- **Input data**
<<<<
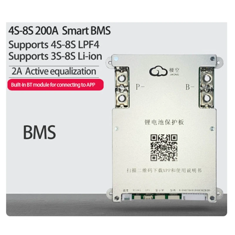 200A de corriente continua, también tiene 2A de corriente de ecualización activa. Puede configurar el voltaje de ecualización y el parámetro de protección de carga y descarga a través de la aplicación, puede mostrar la serie única de voltaje de la batería
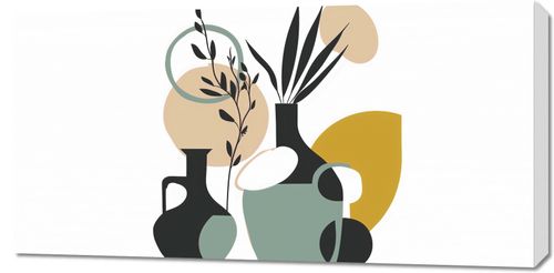 Plakat z serii minimalistyczne zatytułowany Modernistyczna Kompozycja. Grafika ta przedstawia stylizowane wazony w tonacjach czerni i zgaszonego zielonego, wypełnione abstrakcyjnymi roślinami. Tło tworzy gra geometrycznych kształtów i pastelowych barw, takich jak beż i musztardowy, co nadaje całości współczesnego, a zarazem ponadczasowego wygląduIdealnie pasowałby do wnętrz utrzymanych w duchu współczesnego minimalizmu, takich jak nowoczesne salony, minimalistyczne biura, czy loftowe przestrzenie. Świetnie sprawdziłby się również jako akcent w przestrzeniach, gdzie dominuje surowy beton lub eksponowane są naturalne elementy, takie jak drewniane belki czy ceglane ściany. Dzięki swojej prostocie i elegancji, plakat może stać się subtelnym, ale wyraźnym elementem dekoracyjnym.
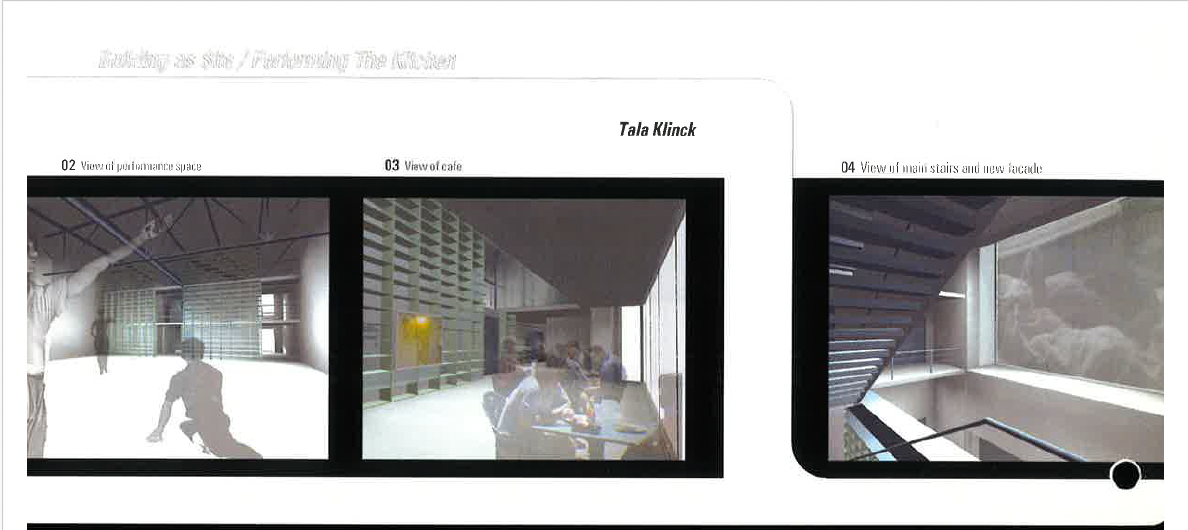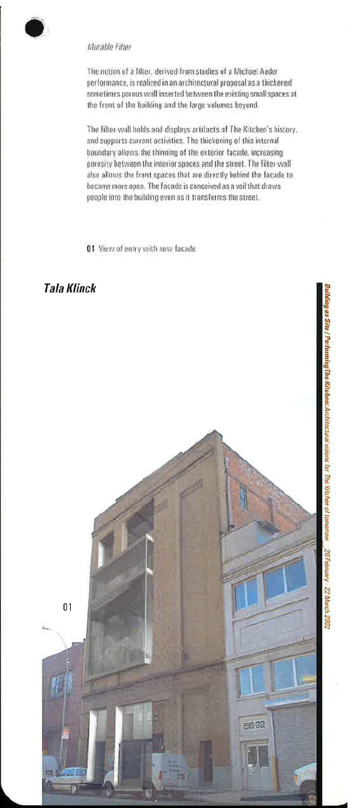 In February 2002, The Kitchen collaborated with Professor Linda Pollak and Harvard Graduate School of Design students to stage an exhibition conducting “an investigation of time and space that challenges preconceived ideas about theater, institution and the city.” (21) Building As Site: Performing The Kitchen read the institution’s location and physicality in a bodily grammar, characterizing the building as both a complex ecosystem and its own lifeform; similarly, the exhibition’s projects considered the interactions and support between “performers, audiences, and the neighborhood” of The Kitchen. (22) Designs by Tala Klinck, then-student and architect, proposed renovations to the edifice featuring a “mutable filter”— “a thickened sometimes porous wall… allow[ing] the thinning of the exterior façade, increasing porosity between the interior spaces and the street.” (23) Rather than “thresholds that divide one space from another,”(24) permeable layers of The Kitchen would “[draw] people into the building even as [they transform] the street.” (25)
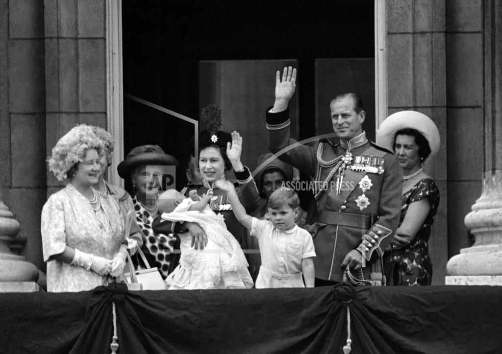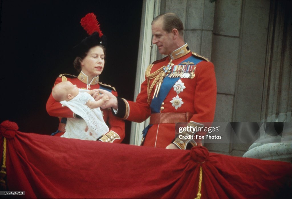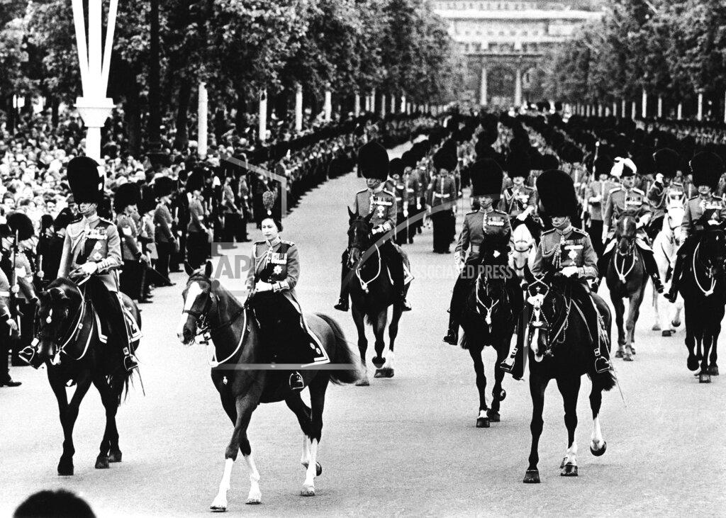 Tens of thousands of spectators, including a big contingent of American and other foreign tourists, jammed the Mall and the parade ground. There were lowering clouds following early‐morning showers but no rain fell and the sun peeped through a couple of times to flash on swords and gleaming helmets. Returning to Buckingham Palace, the Queen appeared on a balcony with her 12-week‐old son Prince Edward in her arms to watch the fighter planes fly past. His brother Prince Andrew, 4, was so fascinated by the cheering crowds that he leaned far out over a balustrade until he was pulled back by an attendant. The Queen’s birthday is April 21. Her official one makes place now in the hone of dry weather.
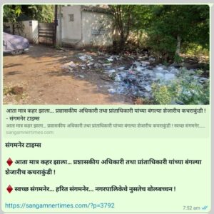 स्वच्छ संगमनेर, सुंदर संगमनेर, हरित संगमनेर नगरपालिकेचे नुसतेच बोलबच्चन… ‘आता मात्र कहर झाला, प्रांत अधिकाऱ्यांच्या बंगल्या शेजारीच कचराकुंडी’ अशा मथळ्याचे वृत्त संगमनेर टाइम्स न्यूज पोर्टलवर आज प्रसिद्ध झाले.
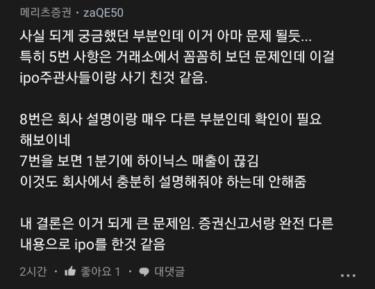 특히 5번 사항은 거래소에서 꼼꼼히 보던 문제인데 이걸 ipo주관사들이랑 사기 친것 같음.
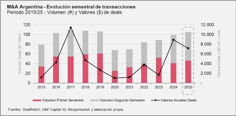 El informe detalla además que por primera vez desde 2020, los compradores locales fueron mayoría, representando el 57% de los deals, frente a los extranjeros que habían sido más activos en años anteriores. Este cambio refleja el protagonismo de inversores locales en la primera etapa del nuevo modelo económico. Los valores de las transacciones también crecieron, ya que hubo 6 deals con tickets por arriba de US$500 millones, el registro más alto en al menos 15 años, y 13 operaciones por encima de US$100 millones. Gradualmente están volviendo a Argentina las transacciones estratégicas de valor.
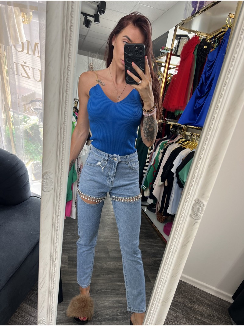 MĖLYNI DŽINSAI SU ĮKIRPIMAIS (LAŠELIAIS BLIZGUČIAIS)
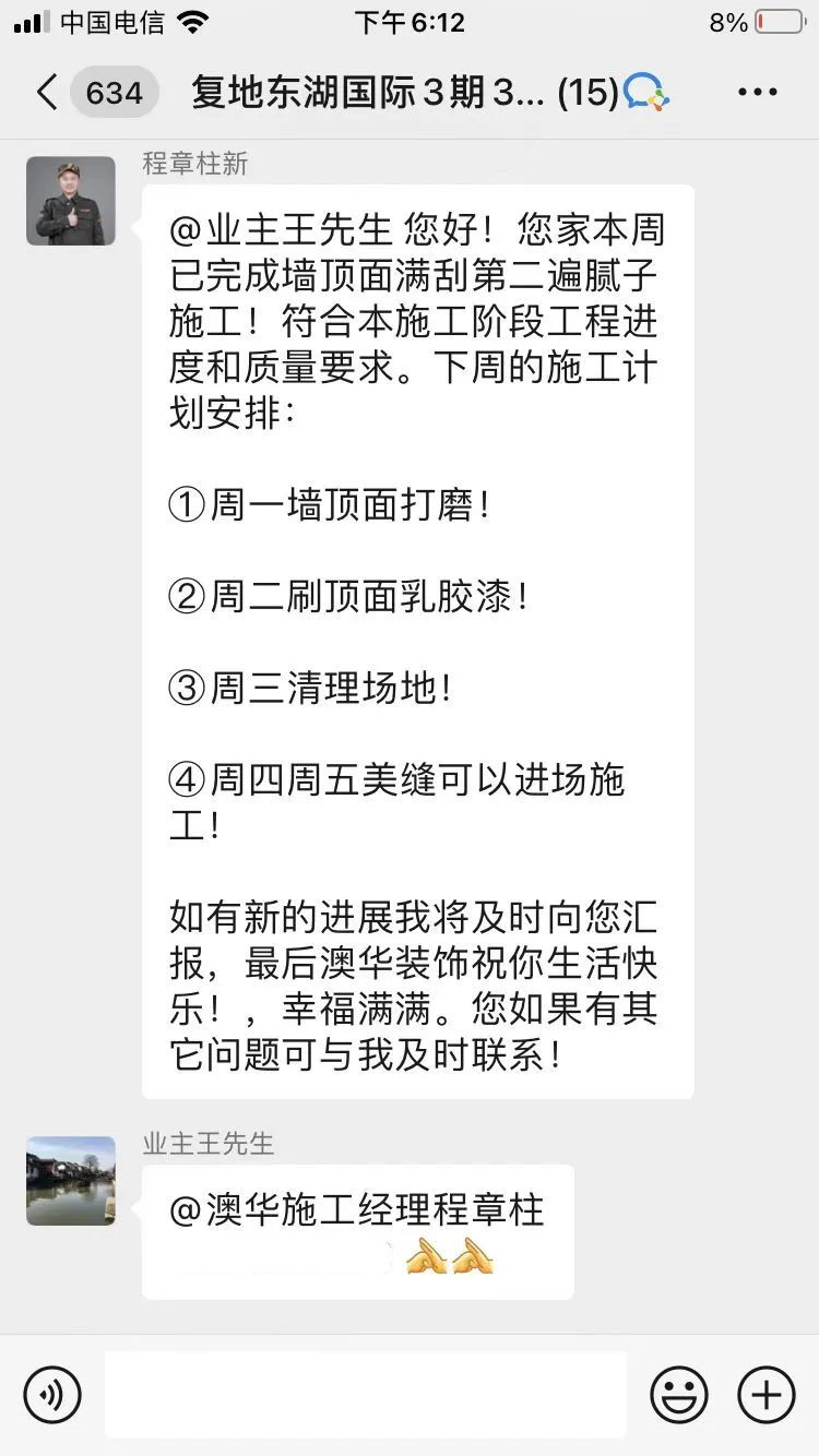 因?yàn)橛羞^一套房子的裝修經(jīng)驗(yàn),業(yè)主王先生自己便是半個(gè)裝修專家,對(duì)設(shè)計(jì)細(xì)節(jié)、施工工藝、材料品質(zhì)、服務(wù)過程有非常嚴(yán)格的要求。為了讓客戶放心,設(shè)計(jì)師及交付團(tuán)隊(duì),實(shí)時(shí)在微信群眾進(jìn)行進(jìn)度播報(bào),讓業(yè)主及時(shí)了解每一項(xiàng)施工過程及細(xì)節(jié)。
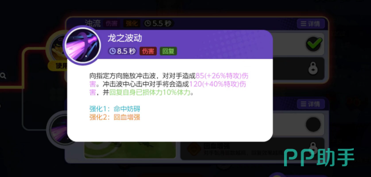 泡沫技能在升级后可以选择成为龙之波动或浊流,这两种技能都有其独特的优势。龙之波动提供了强大的输出和体力恢复能力,使黏美龙在战斗中能够持续施加压力,而浊流则赋予了黏美龙更强的防御和生存能力,使其在团战中能够更好地承担坦克的角色。
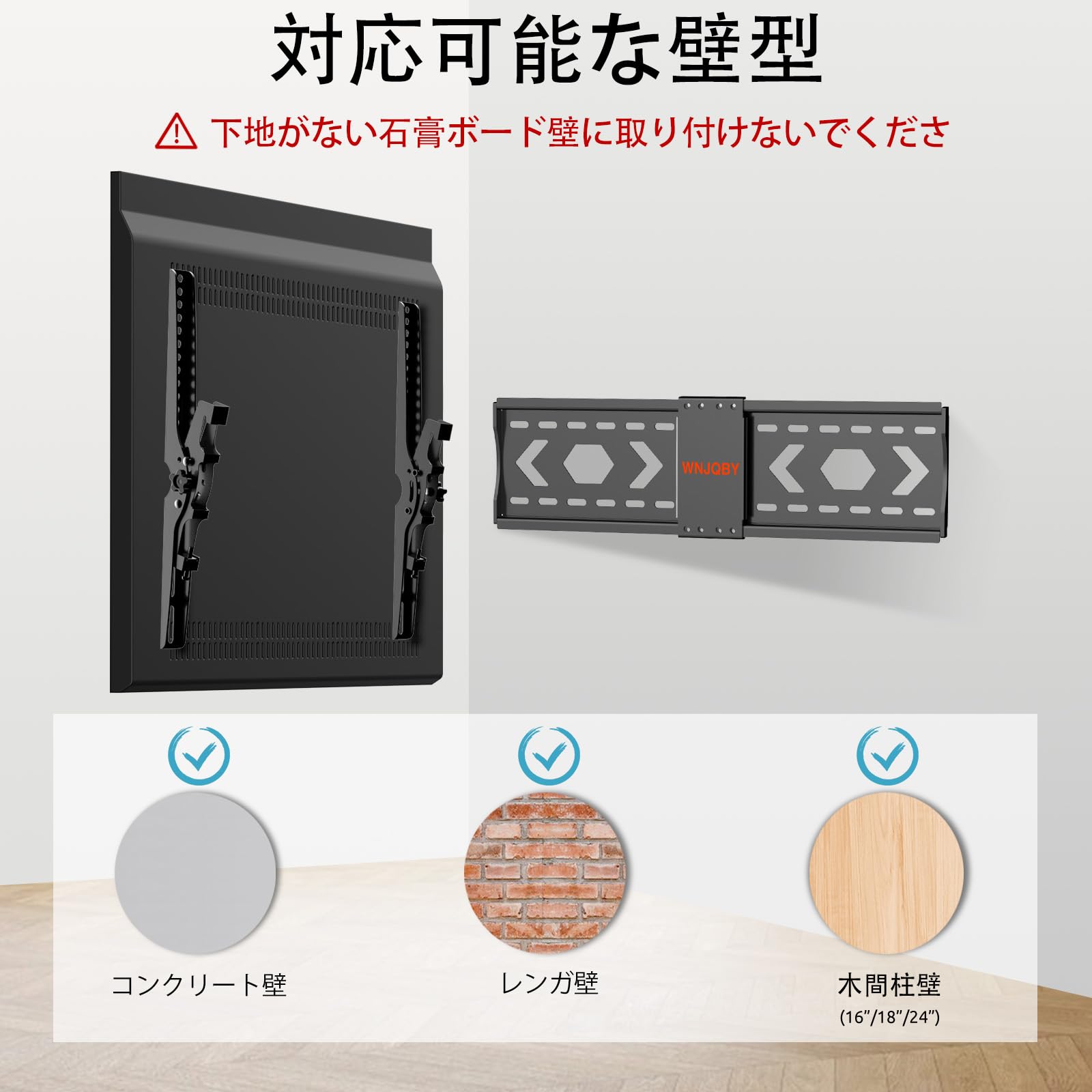 【対応インチ-汎用テレビ壁掛け金具】32〜84インチ/型のLCD液晶テレビ・OLED・4Kテレビに対応できる汎用タイプ壁掛け金具です。テレビ用ブラケットはVESA 壁掛け200X200〜600X400mm。重量が60kg以下であることをご確認してください。
>>>>
- **Task prompt**
Leave the pictures out. Transcribe exactly the lines from the one with "泡沫技能在升级后可以选择成为" through the end of the records.

- **Exercise output**
 泡沫技能在升级后可以选择成为龙之波动或浊流,这两种技能都有其独特的优势。龙之波动提供了强大的输出和体力恢复能力,使黏美龙在战斗中能够持续施加压力,而浊流则赋予了黏美龙更强的防御和生存能力,使其在团战中能够更好地承担坦克的角色。
 【対応インチ-汎用テレビ壁掛け金具】32〜84インチ/型のLCD液晶テレビ・OLED・4Kテレビに対応できる汎用タイプ壁掛け金具です。テレビ用ブラケットはVESA 壁掛け200X200〜600X400mm。重量が60kg以下であることをご確認してください。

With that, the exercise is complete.